Work item: Would you retype exactly the lines from the one holding "She's ready for" through the last line of the listing, and only those, without pictures?

Stored data:
╭──

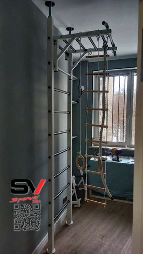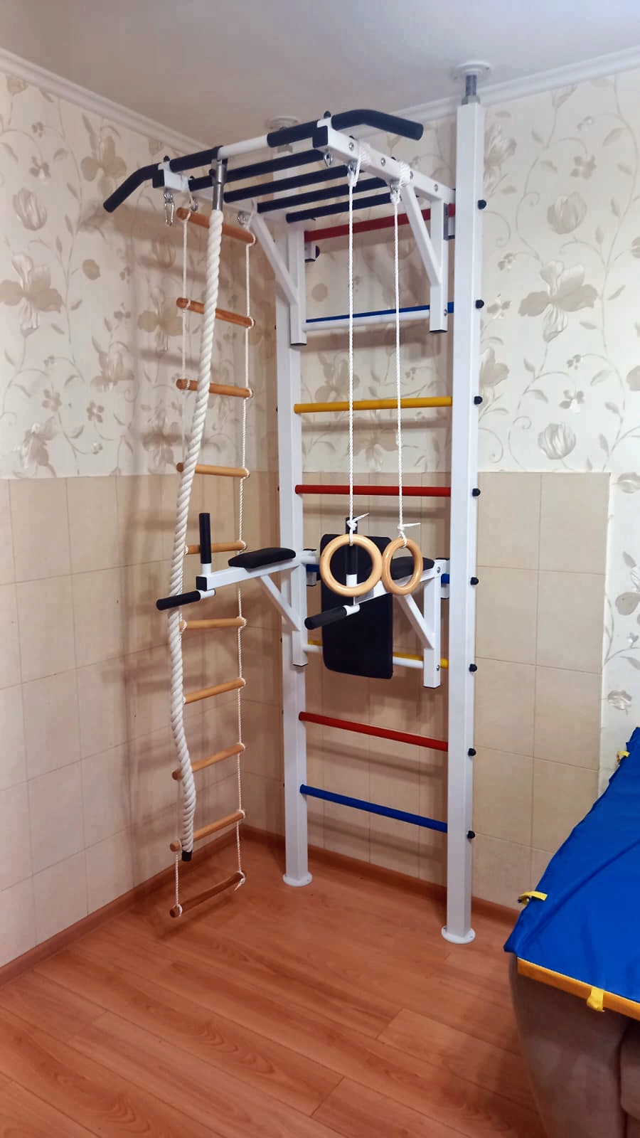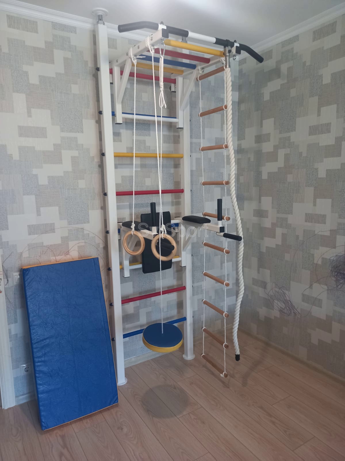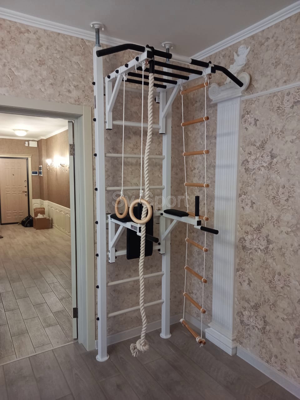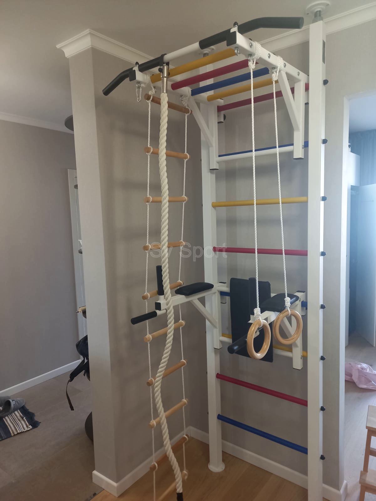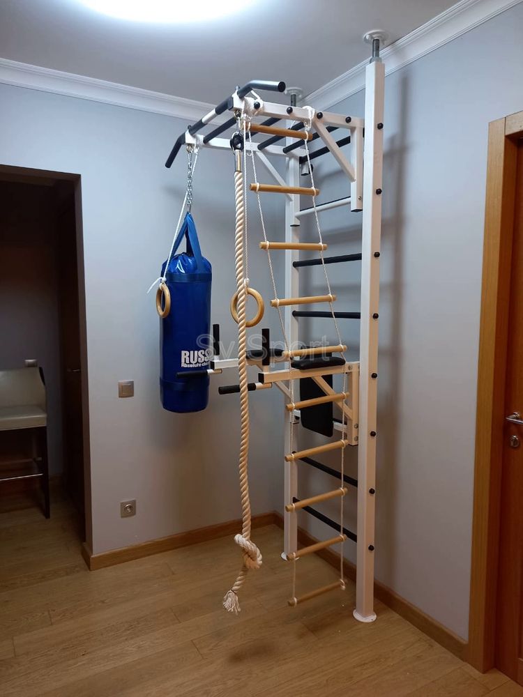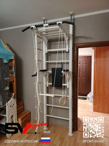 КОМПЛЕКТАЦИЯ: Шведская стенка Sv Sport враспор, Турник Sv Sport рукоход к ШС, Брусья Sv Sport к ШС, Kанат, Kольца деревянные, Лестница веревочная.
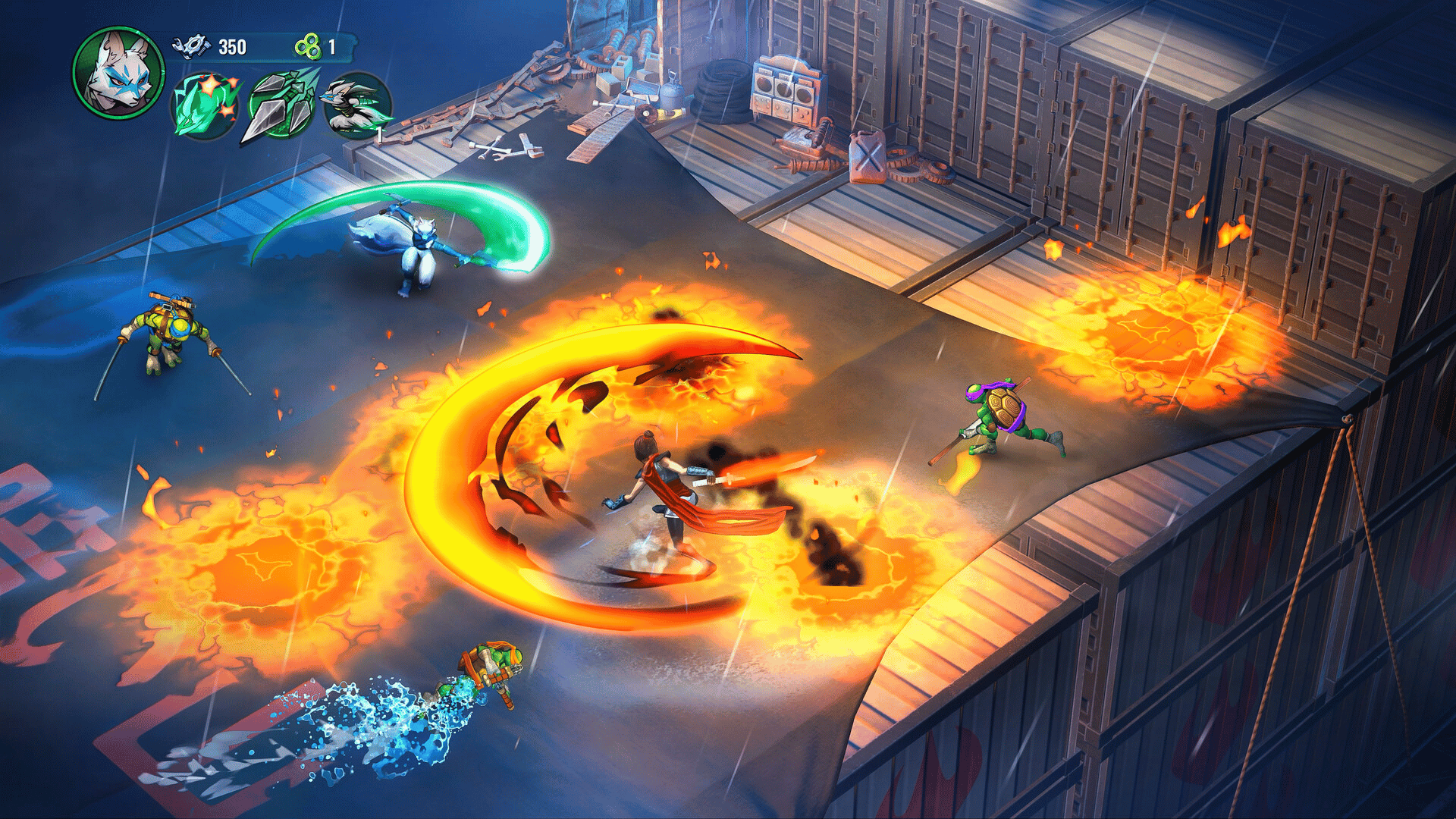 She's ready for action...and to get back at Shredder. Meet Alopex, a mutant arctic fox and ninja assassin who went from being unwaveringly loyal to Shredder to a true friend of the Turtles. Expertly swinging her sickle-like kama, she slices at her foes with ease. Hurling her kunai at close range, she deals a powerful blast of damage. And the best part-- she can briefly become invulnerable while targeting multiple enemies in rapid succession. Ninja powers that modify shuriken also affect her kunai, so try her out with the Ninja, Flame, and Water Powers for maximum impact.
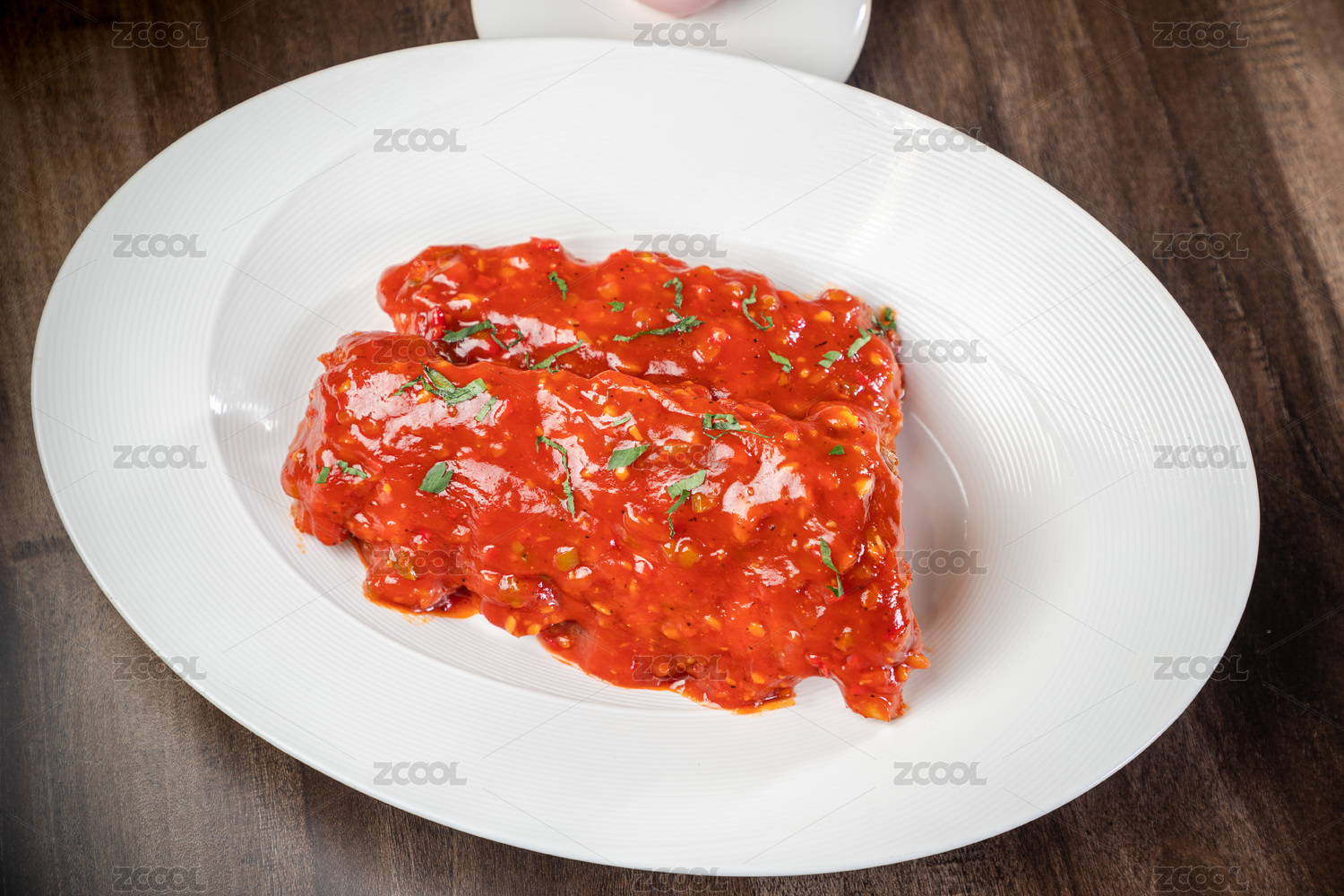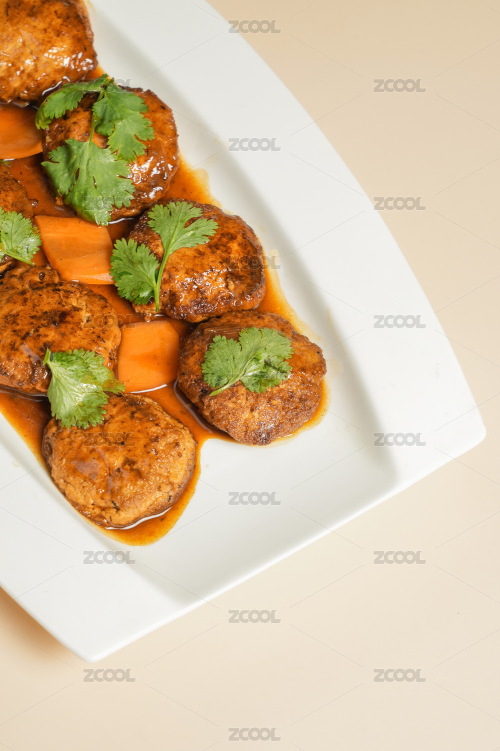 餐桌,木质,陶瓷,盘子,汤汁,肉丸,浇汁,番茄酱,猪肉,丸子
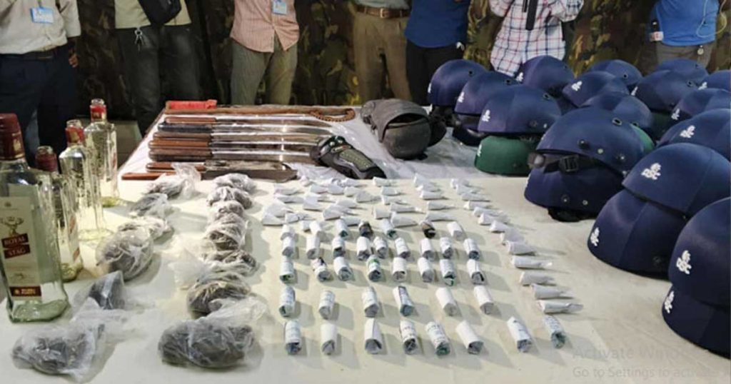নাজিম আহমেদ বলেন, অভিযান পরিচালনা করে মারামারি সামগ্রীগুলো পাওয়া যায়। বিশেষ করে বিভিন্ন হেলমেট ও দেশীয় অস্ত্র উদ্ধার করা হয়। এছাড়া ১৪ জনকে গ্রেপ্তার করা হয়েছে।

╰──

Response to this task:
 She's ready for action...and to get back at Shredder. Meet Alopex, a mutant arctic fox and ninja assassin who went from being unwaveringly loyal to Shredder to a true friend of the Turtles. Expertly swinging her sickle-like kama, she slices at her foes with ease. Hurling her kunai at close range, she deals a powerful blast of damage. And the best part-- she can briefly become invulnerable while targeting multiple enemies in rapid succession. Ninja powers that modify shuriken also affect her kunai, so try her out with the Ninja, Flame, and Water Powers for maximum impact.
 餐桌,木质,陶瓷,盘子,汤汁,肉丸,浇汁,番茄酱,猪肉,丸子
নাজিম আহমেদ বলেন, অভিযান পরিচালনা করে মারামারি সামগ্রীগুলো পাওয়া যায়। বিশেষ করে বিভিন্ন হেলমেট ও দেশীয় অস্ত্র উদ্ধার করা হয়। এছাড়া ১৪ জনকে গ্রেপ্তার করা হয়েছে।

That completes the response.